Task item:
Look below for the line holding "Chemise ajustée à" and the line holding "2000年代初頭まで世界中で". Repeat those two and everything between, exactly.

━━━ Data for analysis

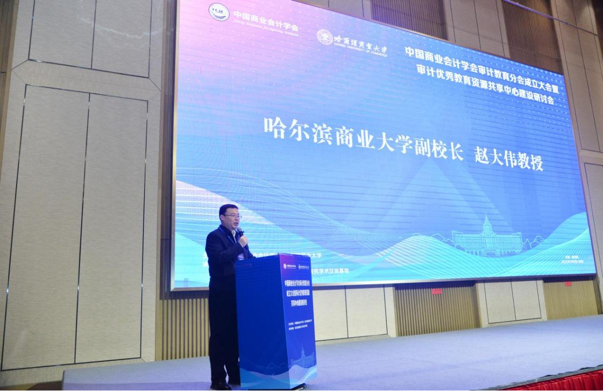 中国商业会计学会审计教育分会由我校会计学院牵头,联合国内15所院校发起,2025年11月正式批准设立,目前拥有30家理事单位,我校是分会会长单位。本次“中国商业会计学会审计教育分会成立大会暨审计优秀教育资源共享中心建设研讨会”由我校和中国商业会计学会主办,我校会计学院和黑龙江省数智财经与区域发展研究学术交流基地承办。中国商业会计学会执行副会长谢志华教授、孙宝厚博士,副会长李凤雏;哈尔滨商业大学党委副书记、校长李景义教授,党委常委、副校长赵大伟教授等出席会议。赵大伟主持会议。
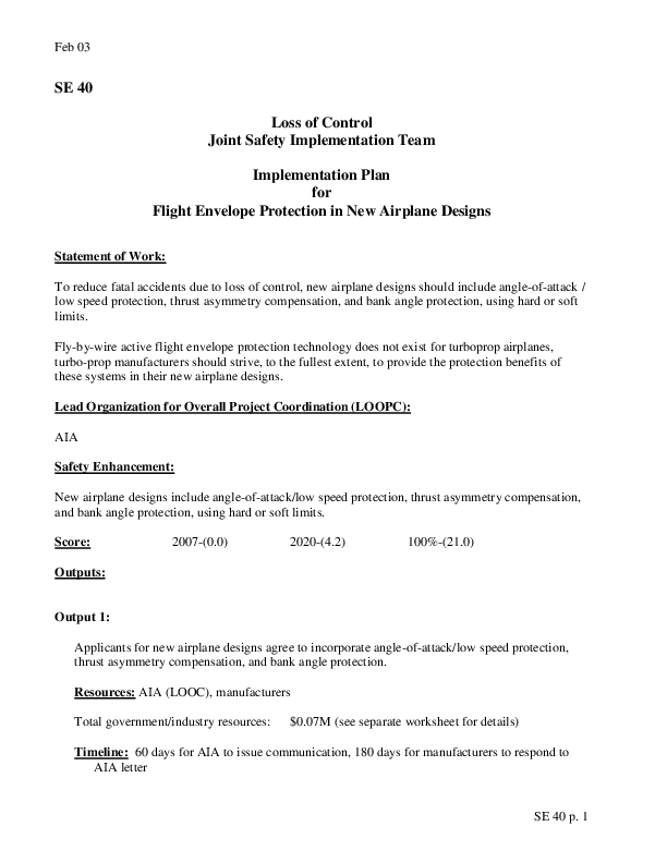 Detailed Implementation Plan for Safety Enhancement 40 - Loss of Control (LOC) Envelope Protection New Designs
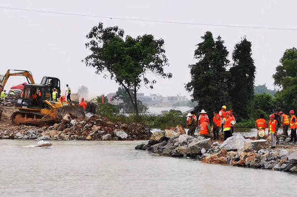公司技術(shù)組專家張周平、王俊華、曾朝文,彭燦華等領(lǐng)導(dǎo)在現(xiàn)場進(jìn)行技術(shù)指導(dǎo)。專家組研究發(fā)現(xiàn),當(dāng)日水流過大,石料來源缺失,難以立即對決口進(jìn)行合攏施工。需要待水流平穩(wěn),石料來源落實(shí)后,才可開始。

━━━━━━
━━━ Data for analysis

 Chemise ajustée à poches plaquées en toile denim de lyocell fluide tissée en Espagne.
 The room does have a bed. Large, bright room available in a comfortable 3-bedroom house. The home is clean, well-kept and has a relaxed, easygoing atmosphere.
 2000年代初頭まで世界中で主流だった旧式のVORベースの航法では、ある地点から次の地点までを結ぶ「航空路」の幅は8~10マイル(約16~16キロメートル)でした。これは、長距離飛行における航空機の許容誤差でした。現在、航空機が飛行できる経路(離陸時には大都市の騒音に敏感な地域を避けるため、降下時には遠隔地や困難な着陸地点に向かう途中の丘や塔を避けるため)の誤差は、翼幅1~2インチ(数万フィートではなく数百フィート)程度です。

━━━━━━

Result:
 Chemise ajustée à poches plaquées en toile denim de lyocell fluide tissée en Espagne.
 The room does have a bed. Large, bright room available in a comfortable 3-bedroom house. The home is clean, well-kept and has a relaxed, easygoing atmosphere.
 2000年代初頭まで世界中で主流だった旧式のVORベースの航法では、ある地点から次の地点までを結ぶ「航空路」の幅は8~10マイル(約16~16キロメートル)でした。これは、長距離飛行における航空機の許容誤差でした。現在、航空機が飛行できる経路(離陸時には大都市の騒音に敏感な地域を避けるため、降下時には遠隔地や困難な着陸地点に向かう途中の丘や塔を避けるため)の誤差は、翼幅1~2インチ(数万フィートではなく数百フィート)程度です。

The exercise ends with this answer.